Isa Khan Main, also written Mabin or Mohin, was a Punjabi Muslim warlord of the cis-Sutlej territory in the Mughal empire. He is credited with the killing of the Mughal prince Azam Shah during the Battle of Jajau, and for establishing an independent territory that defied Mughal authority.

Isa Khan belonged to the Main Rajput tribe of the Jalandhar Doab. He collected an armed retinue, grabbing the land of others and plundering trade caravans. He constructed the Isa Khan Kot. During the Battle of Jajau, he served Shah Alam I and struck Azam Shah with a bullet to the head. For his military services in helping enthrone Jahandar Shah, he was made a mansabdar of 5000, and the deputy Faujdar of the Doab.

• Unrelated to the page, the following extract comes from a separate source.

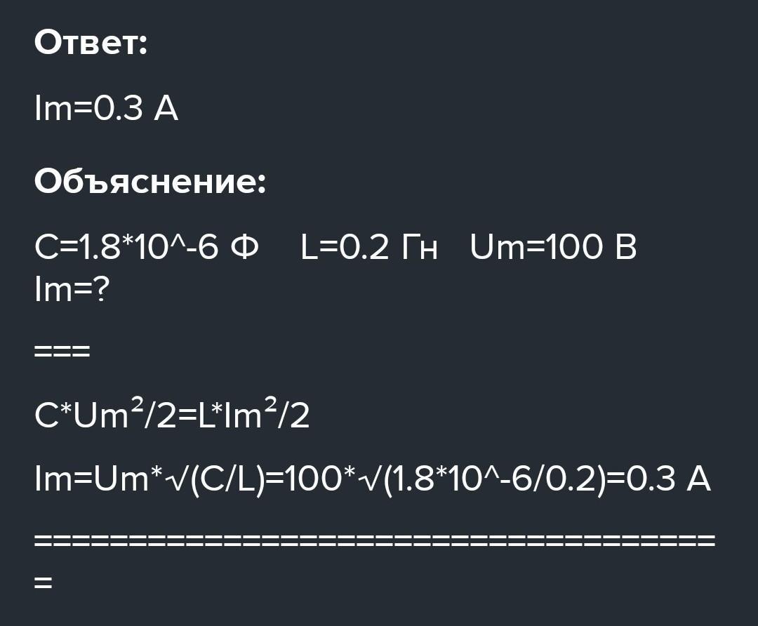 Колебательный контур состоит из конденсатора электроемкостью С =1,8 мкФ и катушки индуктивности L=0,2 Гн. Определите максимальную силу тока в контуре, если максимальная разность потенциалов на обкладках конденсатора 100 В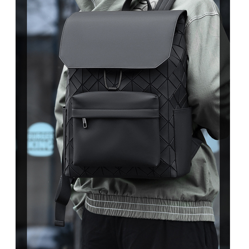 Chiếc Balo laptop nam nữ 15”, ba lô đi làm, đi học đựng máy tính 15inch ngăn trước khoá gài với thiết kế dáng đứng cùng chi tiết ngăn trước khoá gài phối da vân tạo

However, he forcibly collected rent for himself and the imperial officers were not able to collect from the jagirs in the region. In 1718, he rose in rebellion against Abd al-Samad Khan, instigated by  Khan-i Dauran. He gained control of the land extending from Badresa at the Beas river to his headquarters at Tihara along the Sutlej. He killed Kapura Brar, the chief of Kotkapura and an ancestor of the dynasty of the Faridkot state. He plundered the caravans of Delhi and Lahore.